Category: Romance/Dating
It's sorta late and yet I'm reluctant to go to bed. Even though after the Fourth of July holiday weekend that I experienced I'm sure I can use all the sleep that I can get. In all honesty I'm keeping myself awake because I'm hoping for a phone call from Sean. I did call him as I left work this evening and left a message for him. That was several hours ago now. So I guess I can assume that I will not receive a phone call from him this evening which upsets me a little.

Normally I'm not a phone talker. I just don't have the inclination to sit on the phone for several hours and ramble on about things. I save that for my electronic diary, in which few, if any people will actually read. But for some reason I really look forward to his phone calls. I don't mind talking to him about my daily activities. It reminds me a little of middle school when with your first "boyfriend" (in my case it was high school, but that's neither here or there) when you would stay on the phone for hours talking about who knows what. And when your parents confronted you about the amount of time you spent on the phone you really have no idea why you were on the phone for so long. You just know that you enjoyed yourself and you felt good when it was over. And a little unhappy that it had to end. That's how I feel when I talk to him.

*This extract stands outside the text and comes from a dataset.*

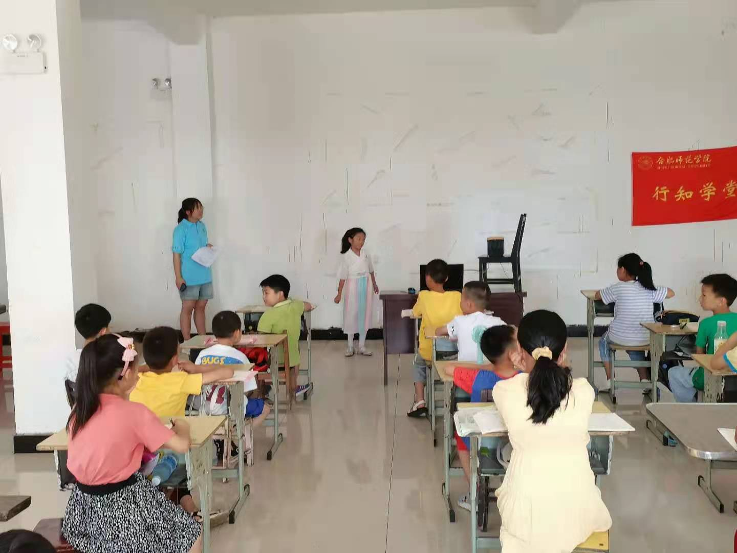 开课典礼伊始,村委会刘书记发表讲话,表示希望各位“小先生”以及小学员么能在这半个月的时间里友好相处,互相学习,共同进步。同时“小先生”和小学员都做了简短的自我介绍,也有小学员进行了简短的才艺展示。
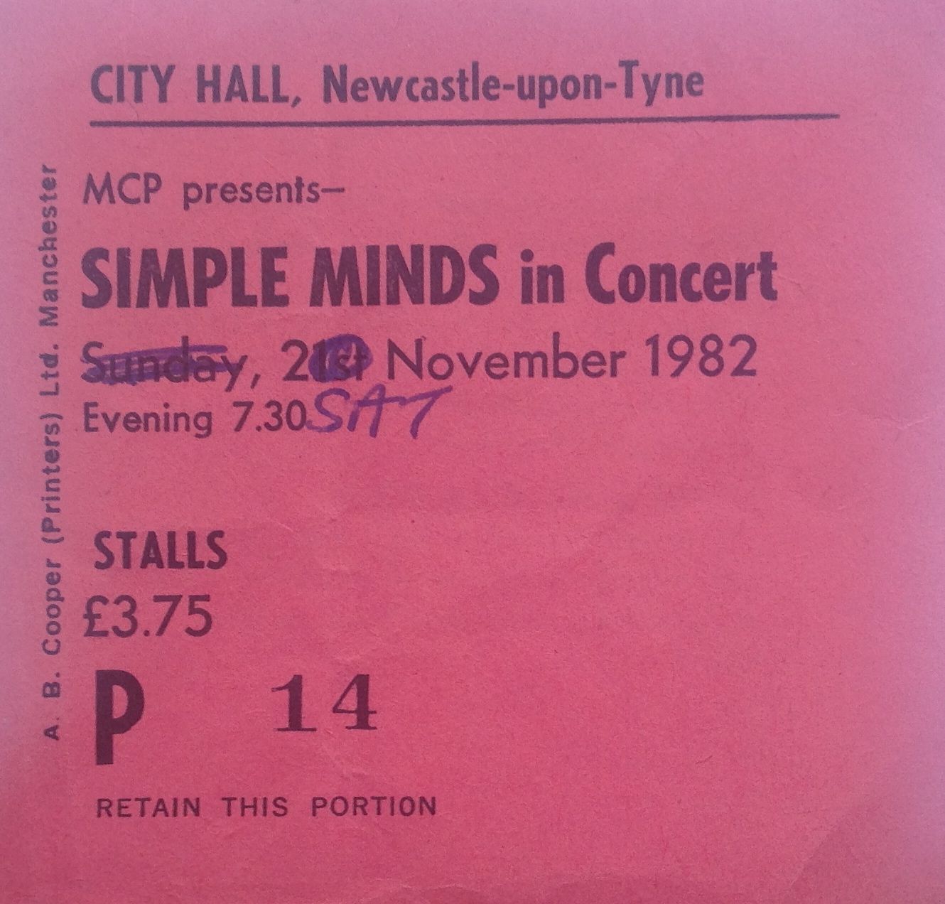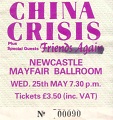 If you asked me, I would have said that I’d seen China Crisis a few times, however my ticket collection consist of only one stub, from a gig at Newcastle Mayfair, which probably took place in the early to mid 80s. I have vague memories of seeing them at Redcar Coatham Bowl as well, but that could well be a figment of my imagination. The band had some pretty pleasant tunes; I remember Wishful Thinking, King in a Catholic Style and Black Man Ray, in particular. In my head China Crisis sit in the same box as Aztec Camera and Talk Talk. Not sure what strange logic makes me place the three bands together, but there we go. Of the three bands, Talk Talk were, in my view the strongest, and were just great live; I will report on them another day. I’ve just played Black Man Ray on youtube to remind myself of China Crisis. Good song.

He's a really good guy. Over the last few weeks I've discovered that I actually do like him quite a bit. It's not just a physical attraction. He's a person that stimulates me mentally and emotionally as well as physically. I haven't come across that in a real long time. I like it a lot. It makes me realize that he's someone that I can truly trust with my emotions and what not. A little scary, but exciting as well.

So of course I'm a little unhappy that I don't get to talk to him tonight. Oh well. Knowing his propensity for super late night calls my phone just may ring after all. Of course I'll be half asleep and birds will be singing outside my window. That's the thing though I don't mind that. It actually puts a smile on my face. It makes me feel maybe I'm one of the last things he thinks about before his head hits the pillow. Or maybe he's just looking for a booty call. Either way it does put a smile on my face when I see that it's him that's calling me.

Oh well...My eyes are starting to droop. I think I'll wander off to the land of nod. I'm sure I'll hear from him eventually.